:: Extracted information
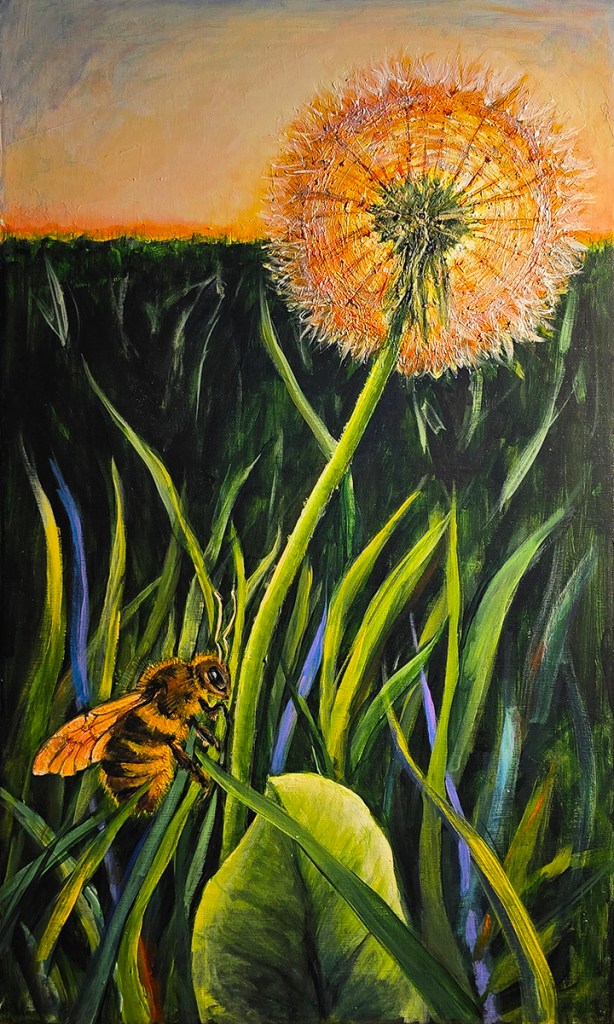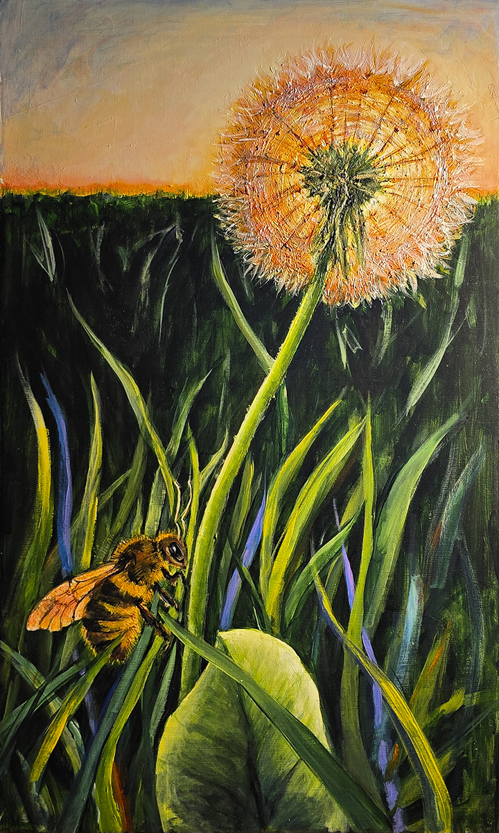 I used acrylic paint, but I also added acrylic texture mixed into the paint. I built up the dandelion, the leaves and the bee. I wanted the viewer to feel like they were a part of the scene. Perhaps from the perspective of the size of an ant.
::::
:: Extracted information
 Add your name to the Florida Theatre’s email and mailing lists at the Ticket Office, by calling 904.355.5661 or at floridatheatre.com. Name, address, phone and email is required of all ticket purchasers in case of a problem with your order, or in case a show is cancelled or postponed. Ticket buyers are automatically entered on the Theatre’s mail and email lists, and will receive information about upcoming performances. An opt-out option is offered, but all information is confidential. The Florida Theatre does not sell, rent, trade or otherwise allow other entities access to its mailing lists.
::::
:: Extracted information
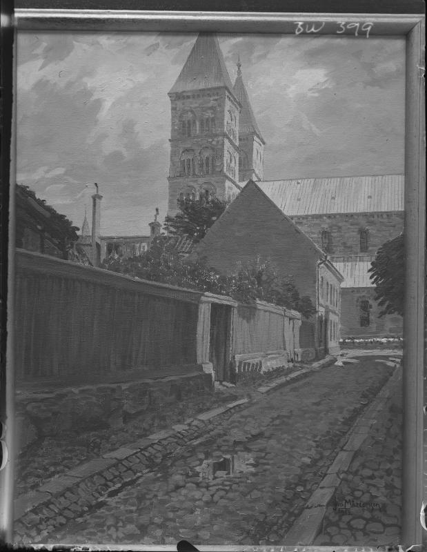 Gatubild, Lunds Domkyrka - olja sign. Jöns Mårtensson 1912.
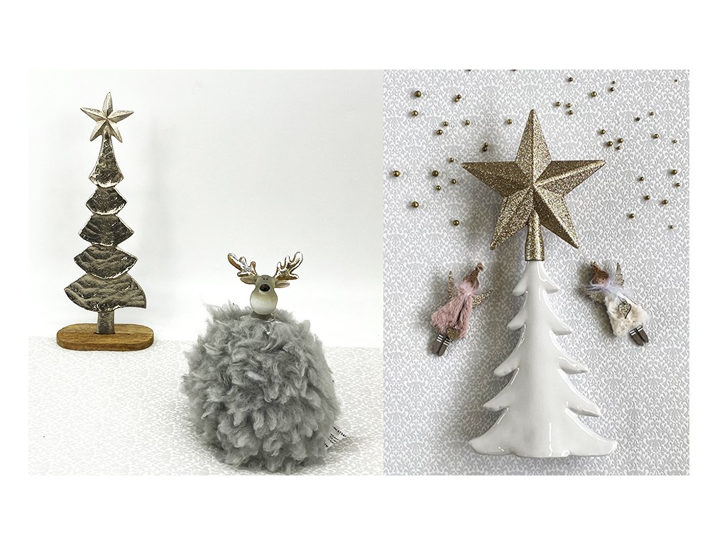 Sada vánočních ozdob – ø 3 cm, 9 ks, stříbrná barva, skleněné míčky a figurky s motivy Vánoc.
::::
Task objective » With the pictures removed from your copy, retype the lines above from the one that contains "Gatubild, Lunds Domkyrka" through the one that contains "Sada vánočních ozdob", exactly.

Task response »
 Gatubild, Lunds Domkyrka - olja sign. Jöns Mårtensson 1912.
 Sada vánočních ozdob – ø 3 cm, 9 ks, stříbrná barva, skleněné míčky a figurky s motivy Vánoc.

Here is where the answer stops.